If you feel you have been been mistreated by another student, or by any of the course staff, please feel free to reach out to one of the CS department's [Diversity and Inclusion Student Advocates](diversity.advocates@lists.brown.edu), or to Professor Greenwald or [Professor Tamassia](rt@cs.brown.edu) (the CS department chair). We, the CS department, take all complaints seriously.

Accommodations

If you feel you have any disabilities that could affect your performance in the course, please contact [SEAS](https://www.brown.edu/campus-life/support/accessibility-services/). We will support accommodations recommended by SEAS.

Harassment

Please review Brown's [Title IX and Gender Equity Policy](https://www.brown.edu/about/administration/title-ix/index.php?q=policy). If you feel you might be the victim of harassment (in this course or any other), you may seek help from any of the resources listed [here](https://www.brown.edu/about/administration/title-ix/index.php?q=resources).

Course Laptop Use

Owning a laptop is neither required nor necessary to succeed in CSCI 100, so not owning a laptop does not preclude you from taking this course. Nonetheless, during some classes, such as sections and programming lectures, students may benefit from the use of a personal laptop. (Note that during other classes, the professor may expressly forbid the use of any personal devices.)
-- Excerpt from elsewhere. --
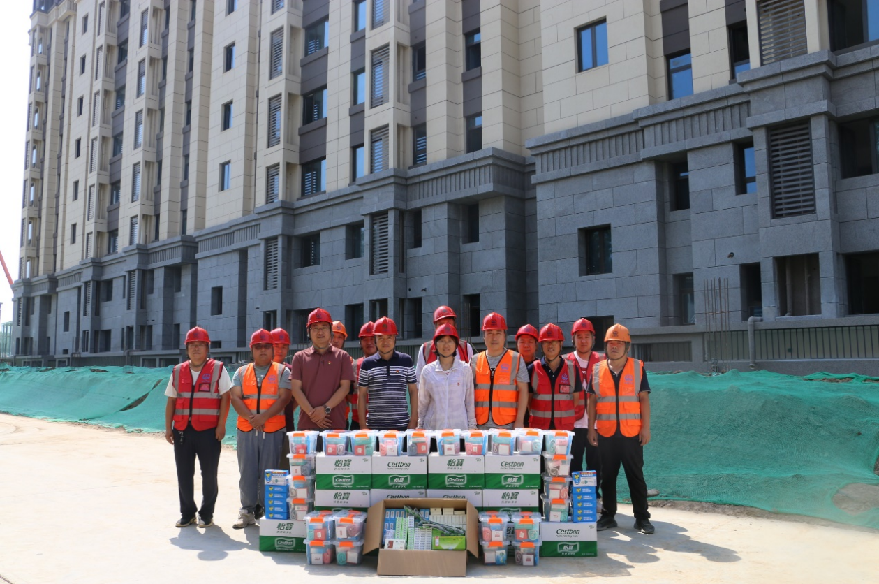 6月27日,大龙控股领导亲临项目,为高温一线职工进行慰问,送上水杯,蚊香液,毛巾等防暑降温用品,为奋斗在一线的职工带来丝丝凉意,提醒大家在夏季作业时注意身体,做好高温下自我调节,防止中暑生病,根据区总工会相关工作要求,公司工会积极开展多样化的送清凉走访慰问活动,为公司机关及13家分子公司一线职工发放清凉包。
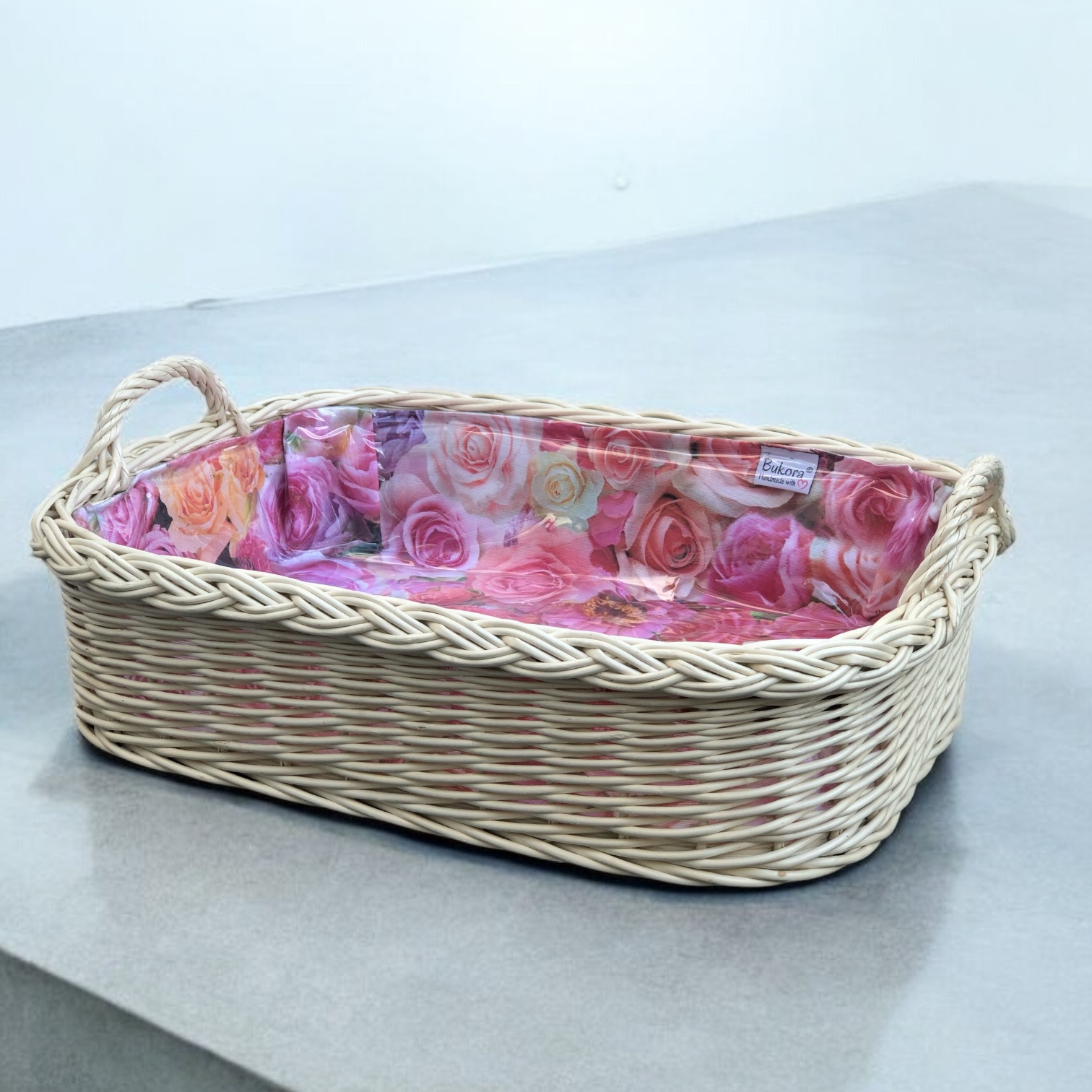 Bukora® Tablett aus Heller Weide mit Futter Rosenmuster

If you do not own a laptop, but would like access to one this semester, please contact the course staff for assistance, if you are comfortable doing so. If not, please reach out to [Dean Elie](https://www.brown.edu/academics/college/people/detail/Vernicia_Elie), the Associate Dean for Financial Advising, for help purchasing a laptop, or the IT service center, to borrow a laptop.


Alternative Brown Courses

This course has no prerequisites. It teaches elementary statistics and elementary computer science, assuming no background whatsoever in either. Students who already have experience in these areas are encouraged to consider taking Data Science (CSCI 1951A) in the Computer Science department, which puts much more of an emphasis on databases; Statistical Learning and Big Data (PHP 2650), which covers more advanced statistics and machine learning topics; or Big Data (ECON 1660) in the Economics department, which has more of an emphasis on modeling causality. These other courses also involve programming, from scratch, various machine learning algorithms. In CSCI 0100, we make use of off-the-shelf machine learning algorithms that are readily available in software libraries.

CSCI 0100 also differs from Introduction to Computation for the Humanities and Social Sciences (CSCI 0030). The primary difference is that CSCI 0100 has a greater emphasis on statistics, while CSCI 0030 teaches more programming. In CSCI 0100 students learn R, a statistical software package, and many basic statistical concepts, such as regression. In CSCI 0030, students learn Python and basic computer programming constructs, such as iteration. Nonetheless, there is significant overlap (for example, in visualization principles), so students are encouraged to take only one of these two offerings. Neither course has any prerequisites.

Computing Foundations: Data (CSCI 0111) is an introductory computer programming course with no prerequisites. It teaches basic algorithms and data structures, applying those concepts to structured and unstructured data. It is a perfect follow-on course for students who become interested in a core computer science course after CSCI 0100.

DATA 0200 is a similar course to CSCI 0100, in that it applies statistical methods to data, but it requires prior programming experience (e.g., CSCI 0111, CSCI 0150, CSCI 0170, etc.). In contrast CSCI 0100 assumes no prior programming experience, and is taught by a computer science professor who taught introductory computer science for a decade, so students can be confident the introduction to programming they obtain in CSCI 0100 will be solid.

Finally, there are also courses in the Department of Biostatistics that teach R as it is applied in biostatistics. These include Essentials of Data Analysis (PHP 1501) and Principles of Biostatistics (PHP 1510/2510), which provide introductions to statistics with applications to biostatistics, and Statistical Programming in R (PHP 1560/2560), which emphasizes programming fundamentals and R specific skills, such as building packages and Shiny apps.